[Paper] CL4SE: A Context Learning Benchmark For Software Engineering Tasks

Published: 3 days ago (February 26, 2026 at 09:28 AM EST)

4 min read

Source: arXiv

Source: arXiv - 2602.23047v1

Overview

The paper introduces CL4SE, the first systematic benchmark that measures how different “contexts” – extra information fed to a Large Language Model (LLM) at inference time – affect core software‑engineering tasks. By categorising SE‑specific context types and evaluating them on real‑world code, the authors show that context‑driven prompting can lift LLM performance by roughly 25 % without any model fine‑tuning.

Key Contributions

Fine‑grained taxonomy of SE contexts – four distinct types:
1. Interpretable examples (few‑shot code snippets)
2. Project‑specific context (files, APIs, naming conventions)
3. Procedural decision‑making context (review guidelines, coding standards)
4. Positive & negative context (contrastive examples of good/bad patches)
Task‑aligned benchmark mapping each context type to a representative SE task:
- Code generation → interpretable examples
- Code summarization → project‑specific context
- Code review → procedural context
- Patch correctness assessment → mixed positive‑negative context
Large, curated dataset: >13 k samples drawn from 30+ open‑source projects, covering diverse languages and domains.
Comprehensive evaluation: five popular LLMs (e.g., GPT‑Oss‑120B, Qwen3‑Max, DeepSeek‑V3) assessed on nine metrics (BLEU, PASS@k, accuracy, etc.).
Empirical insights: quantifies the per‑task gain from each context type, establishing best‑practice guidelines for prompt engineering in SE.

Methodology

Context Taxonomy Design – The authors surveyed existing prompt‑engineering literature and SE workflows, then distilled four context categories that capture the most common sources of auxiliary information developers naturally use.
Dataset Construction – For each of the four tasks, they extracted real code artifacts (functions, commit diffs, review comments) and paired them with the appropriate context.
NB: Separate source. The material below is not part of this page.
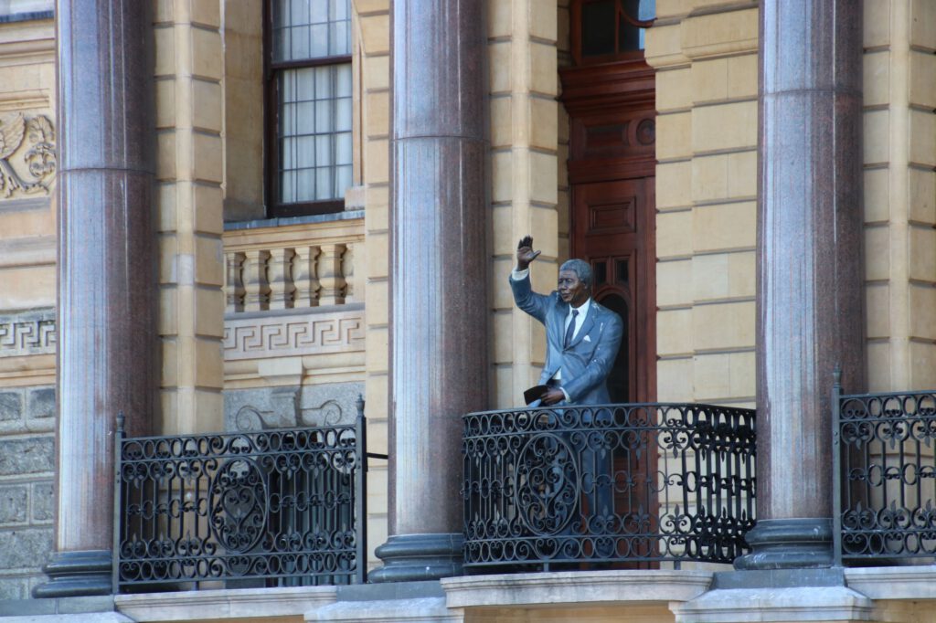 Als wir an der Cape Town City Hall (ehemaliges Rathaus) vorbeikommen, sind wir überrascht, Nelson Mandela anzutreffen. Eine naturgetreue, lebensgroße Mandela-Statue steht hier auf einem Balkon mit Blick auf die Grand Parade. Genau an der Stelle hielt er nämlich eine Rede, als er am 11. Februar 1990 aus dem Gefängnis entlassen wurde, in der er den Beginn einer neuen Ära in Südafrika ankündigte.

Quality control involved manual verification and automated consistency checks.
Prompt Templates – Uniform prompt formats were created for each context‑task pair, ensuring that the only variable was the type of context supplied.
Model Evaluation – Five off‑the‑shelf LLMs were queried with the same prompts. Performance was measured using task‑specific metrics (e.g., PASS@1 for generation, BLEU for summarization, binary accuracy for patch assessment).
Statistical Analysis – Improvements were reported as absolute percentage gains over a “no‑context” baseline, with significance testing to rule out random variation.

Results & Findings

Task	Context Type	Best‑performing Model	Key Metric Gain
Code Generation	Interpretable examples	DeepSeek‑V3	+5.72 % PASS@1
Code Summarization	Project‑specific context	GPT‑Oss‑120B	+14.78 % BLEU
Code Review	Procedural context	Qwen3‑Max	+33 % review accuracy
Patch Correctness	Mixed positive‑negative	DeepSeek‑V3	+30 % assessment accuracy

Overall impact: Adding the right context raised average performance by 24.7 % across all tasks and models.
Task‑specific sensitivity: Procedural context had the biggest boost for review‑style tasks, while project‑specific information mattered most for summarization.
Model variance: Larger open‑source models (GPT‑Oss‑120B) benefited more from project context, whereas newer instruction‑tuned models (Qwen3‑Max) excelled with procedural prompts.

Practical Implications

Prompt engineering becomes a first‑class tool for SE teams using LLMs: developers can achieve near‑fine‑tuned performance simply by curating the right context.
IDE and CI integration: Plugins can automatically inject project‑specific headers, coding‑standard snippets, or contrastive examples into LLM calls, improving code suggestions, automated reviews, and patch validation without extra training cycles.
Cost‑effective scaling: Since context learning works at inference time, organisations can keep model sizes modest while still reaping large accuracy gains, reducing compute expenses.
Dataset as a resource: The released 13 k‑sample benchmark can serve as a test suite for new LLMs, prompting strategies, or even as a training set for context‑aware adapters.

Limitations & Future Work

Context quality dependency – The study assumes high‑quality, manually curated context; noisy or outdated context could degrade performance.
Language coverage – While the dataset spans several languages, the majority are Java/Python; extending to systems languages (C/C++) or domain‑specific DSLs remains open.
Dynamic contexts – Current prompts are static; exploring runtime‑generated context (e.g., live AST analysis) could further boost results.
Human‑in‑the‑loop evaluation – The benchmark relies on automated metrics; user studies would clarify how context‑enhanced outputs affect developer productivity and trust.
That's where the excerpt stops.